CEO plants a July flag
At Bernstein’s Strategic Decisions event last week, Lyons did not mince words with the crowd, saying, "FIUSD goes live in July." Industry outlets quickly noted that this is Fiserv's most specific launch window to date. The timing was reported by Payments Dive, which said the remarks signal a shift from product development into operational pilots.
Partners, pilots and custody
Fiserv has been lining up partners and pilots ahead of the roll-out. The company announced a white-label plan that will let the Bank of North Dakota issue a state-branded "Roughrider" coin on Fiserv's platform, and it has added custody and deposit capabilities through its acquisition of StoneCastle, moves meant to keep token reserves inside the regulated banking system. Those plans are detailed in coverage by Digital Transactions.

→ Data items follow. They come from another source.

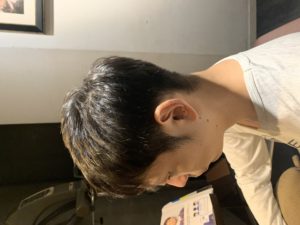 襟足、もみあげスッキリのサッパリカットです。トップのクセが強かったので少し長めに残してクセを抑えています。
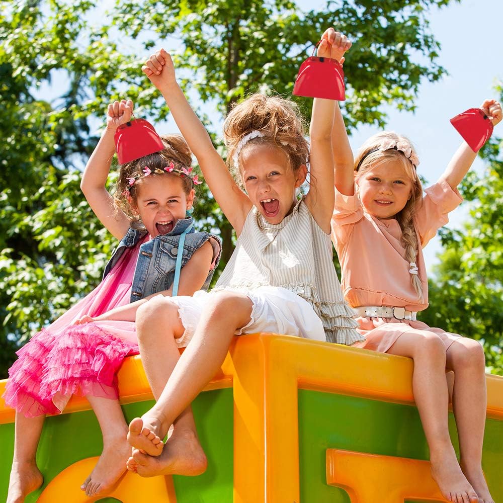ArtCreativity 3 Inch Red Metal Cowbell Noisemakers - Pack of 12 - Loud Metal Cowbell Noise Makers with Handles, Great for Football Games, Sporting Events, New Year’s Eve, for Kids and Adults
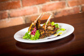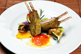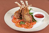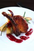Przepiórka smażone mięso z sosem na białym talerzu

Why Milwaukee should care and the regulatory caveat
The rollout matters locally because it leans on Fiserv's existing footprint of banks and merchants and could create new product streams for Milwaukee-area clients and vendors that use the company's platforms. At the same time, Fiserv's annual report cautions that the stablecoin business depends on regulatory clarity and client demand; its Form 10-K warns that "we have made certain assumptions about future stablecoin regulation" and that there is no certainty the final rules will be favorable, according to the SEC.
What to watch next
Investors, community banks and merchants will be watching whether pilots turn into real-world payments and whether regulators follow through on rules that shape issuance and custody. Local reporting in the Milwaukee Business Journal has been tracking Fiserv's pivot into digital assets and the possible local economic impact, as noted by the Milwaukee Business Journal.